Extracted records
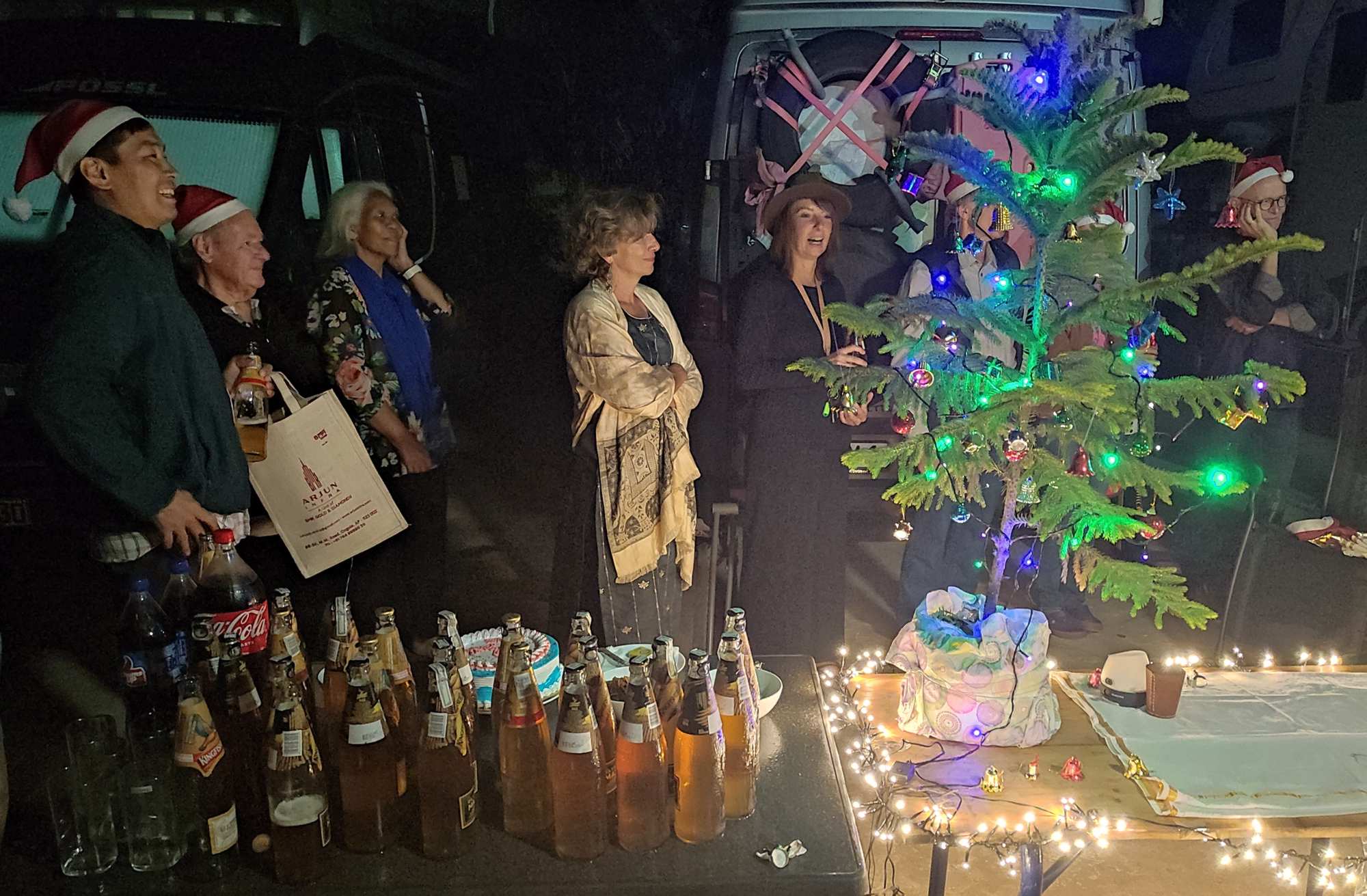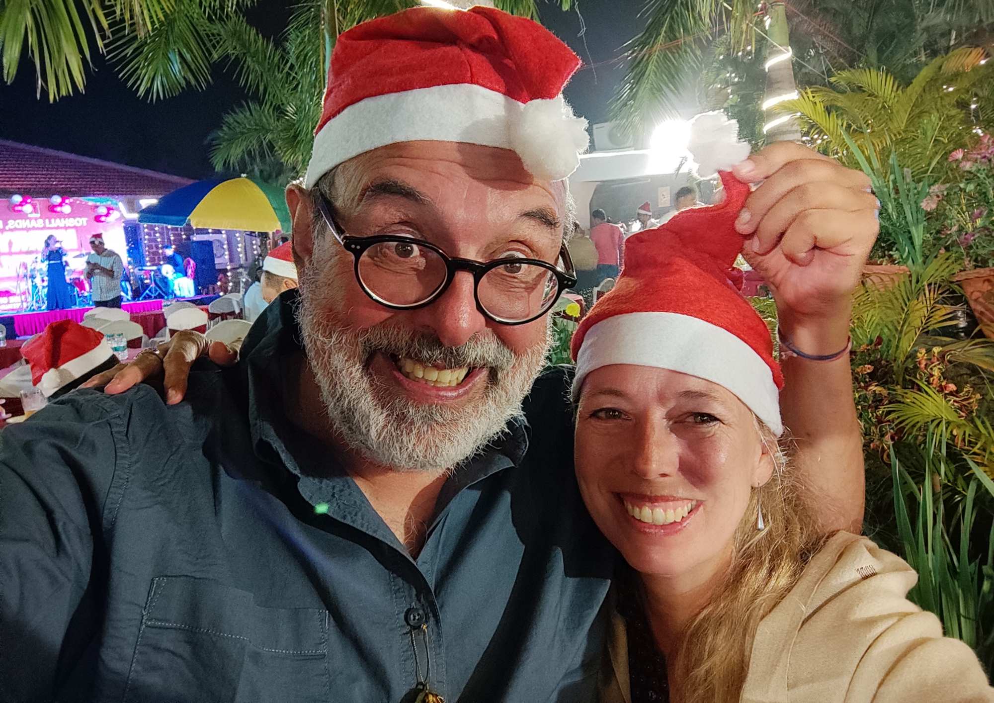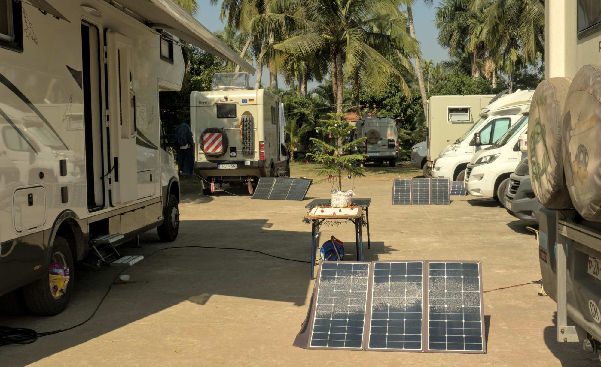 Weihnachten in Puri in einer Hotelanlage. Erst ziemlich indisch schrill und laut beim gemeinsamen Abendessen mit Band, dann eher besinnlich bei den Fahrzeugen unter uns.
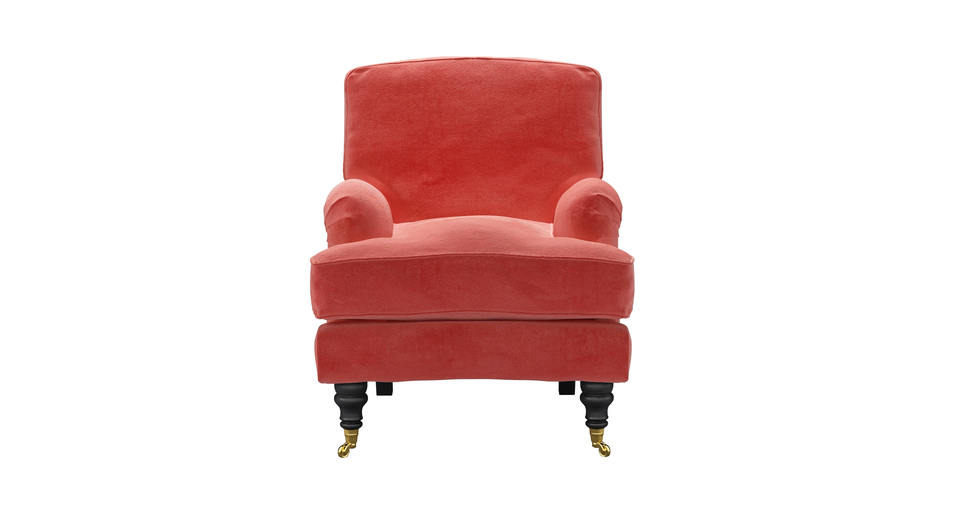 A classic design and one of our most popular sofas. back cushions: feather and fibre color: pink covers: fixed seat cushions: feather wrapped foam size: Small Armchair
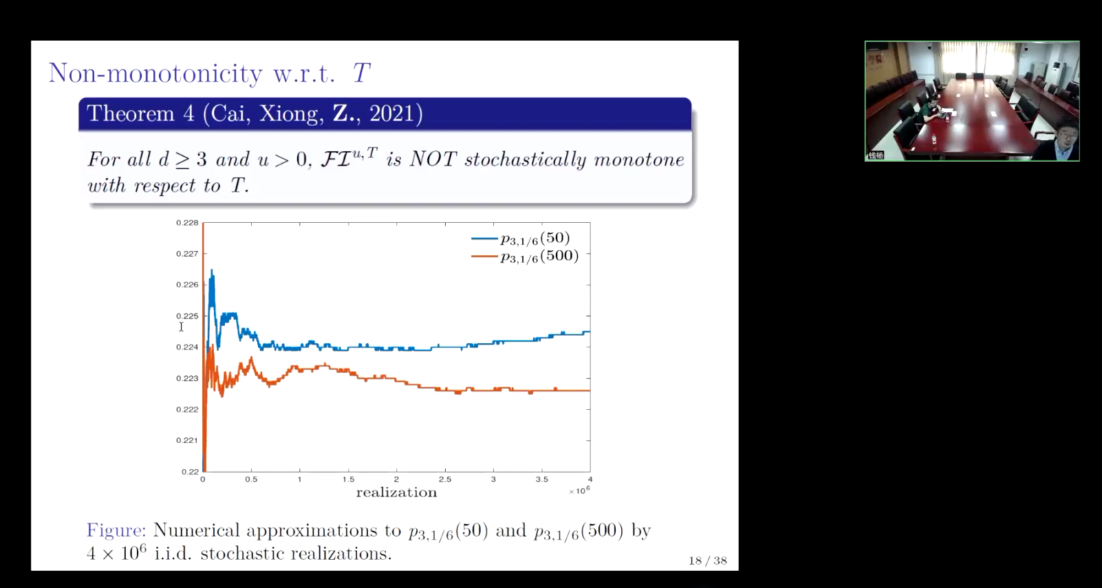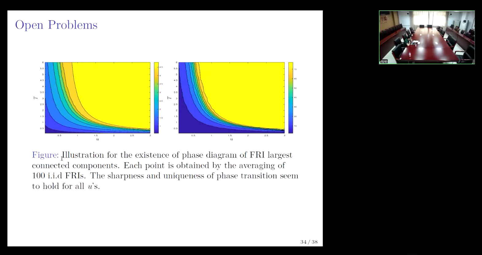 接下来,张原着重讲解了强度参数u固定,轨道长度参数T可变的情况,运用Liggett-Schonmann-Stacey构造、随机重整化、以及随机增长算法的方法去探究u和T对于全局的影响,进而证明高维度下强度参数u与轨道长度参数T成反比和低维度下呈幂函数关系的观点。
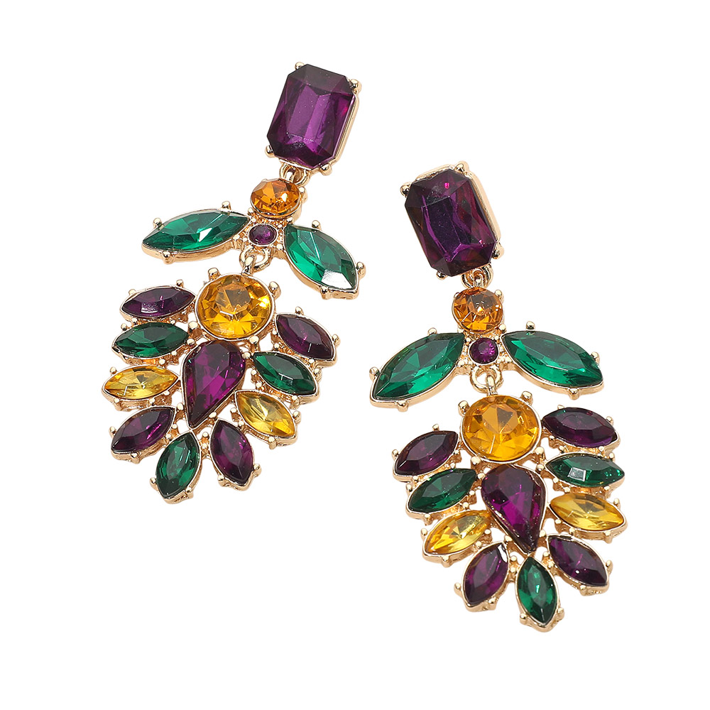 Mardi Gras Marquise Stone Cluster Chandelier Drop Evening Earrings
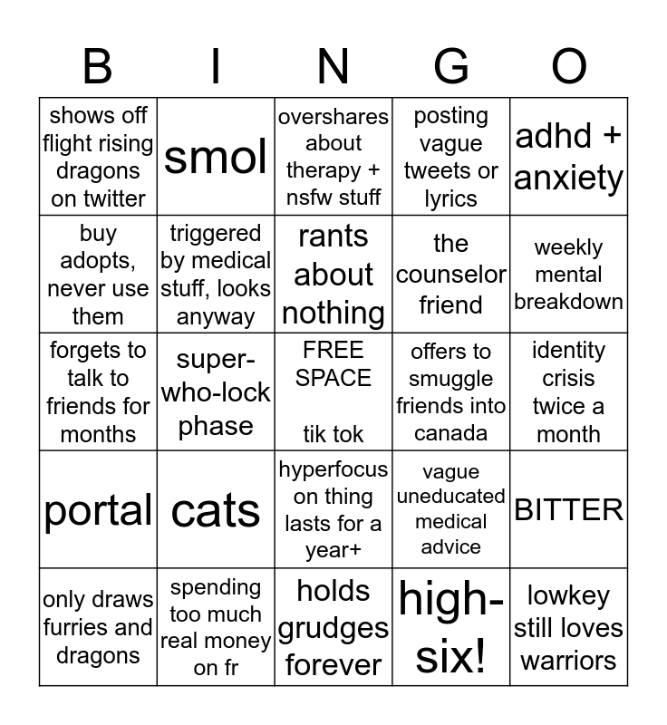 This bingo card has a free space and 24 words: cats, spending too much real money on fr, rants about nothing, only draws furries and dragons, adhd + anxiety, shows off flight rising dragons on twitter, buy adopts, never use them, smol, offers to smuggle friends into canada, hyperfocus on thing lasts for a year+, the counselor friend, forgets to talk to friends for months, vague uneducated medical advice, BITTER, triggered by medical stuff, looks anyway, high-six!, identity crisis twice a month, overshares about therapy + nsfw stuff, weekly mental breakdown, super-who-lock phase, lowkey still loves warriors, portal, posting vague tweets or lyrics and holds grudges forever.

WORK REQUIRED:
No pictures belong in the copy. Transcribe every entry exactly.

SOLUTION TO THIS EXERCISE:
 Weihnachten in Puri in einer Hotelanlage. Erst ziemlich indisch schrill und laut beim gemeinsamen Abendessen mit Band, dann eher besinnlich bei den Fahrzeugen unter uns.
 A classic design and one of our most popular sofas. back cushions: feather and fibre color: pink covers: fixed seat cushions: feather wrapped foam size: Small Armchair
 接下来,张原着重讲解了强度参数u固定,轨道长度参数T可变的情况,运用Liggett-Schonmann-Stacey构造、随机重整化、以及随机增长算法的方法去探究u和T对于全局的影响,进而证明高维度下强度参数u与轨道长度参数T成反比和低维度下呈幂函数关系的观点。
 Mardi Gras Marquise Stone Cluster Chandelier Drop Evening Earrings
 This bingo card has a free space and 24 words: cats, spending too much real money on fr, rants about nothing, only draws furries and dragons, adhd + anxiety, shows off flight rising dragons on twitter, buy adopts, never use them, smol, offers to smuggle friends into canada, hyperfocus on thing lasts for a year+, the counselor friend, forgets to talk to friends for months, vague uneducated medical advice, BITTER, triggered by medical stuff, looks anyway, high-six!, identity crisis twice a month, overshares about therapy + nsfw stuff, weekly mental breakdown, super-who-lock phase, lowkey still loves warriors, portal, posting vague tweets or lyrics and holds grudges forever.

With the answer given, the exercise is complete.